Anyway, all cannot be bad with the world if there is a victory for a Welsh football team over their English counterparts to report on! In my piece yesterday about City’s Under 18s 2-1 win over Colchester yesterday I speculated that Cameron Coxe and Mark Harris missed that game because they would be featuring in the Development team game at Millwall on Monday, but it turned out I was wrong because they are away with Wales Under 19 team playing against Greece, England and Luxembourg in a qualifying group being held at Wrexham and Bangor for the European Championships.
The City pair started against Greece on Thursday as Wales’ campaign got off to a bad start with a 2-0 loss (England beat Luxembourg by the same score in their first match) and Coxe was in from the start when we faced England yesterday.

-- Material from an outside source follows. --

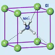 В аммоний-катионе NH4+ все четыре связи равноценны и неразличимы, поэтому считается что электрический заряд в катионе делокализован (рассредоточен) по всему комплексу. Размер аммоний-катиона NH4+ составляет 1,43 Å[3]. В кристалле хлорида аммония аммоний-катион NH4+ окружают восемь ионов хлора (рис.2). Параметр кристаллической решётки 3,8758 Å.[4].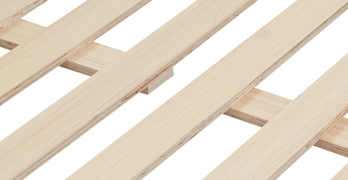 • Supporto per base a doghe in legno massello ingegnerizzato con gambe centrali regolabili

However, it was Harris, who came on as a first half sub and within minutes had put Wales 2-0 up, who made the biggest impact. From here. England rallied to make it 2-2 before a further Welsh goal clinched a great win over opponents who were reduced to ten men after a late sending off,
With Greece thrashing Luxembourg 5-0, they have to be heavy favourites to finish group winners, but a win for England against them in their final game opens up the possibility of three sides finishing level on six points if Wales can beat Luxembourg.
So, a Welsh win should see them finish second and there has to be a slight possibility they could win the group if they were to thrash Luxembourg, but, either way, yesterday’s great victory means Wales have a good chance now of reaching the Elite Round which is the last qualifying stage before the Finals.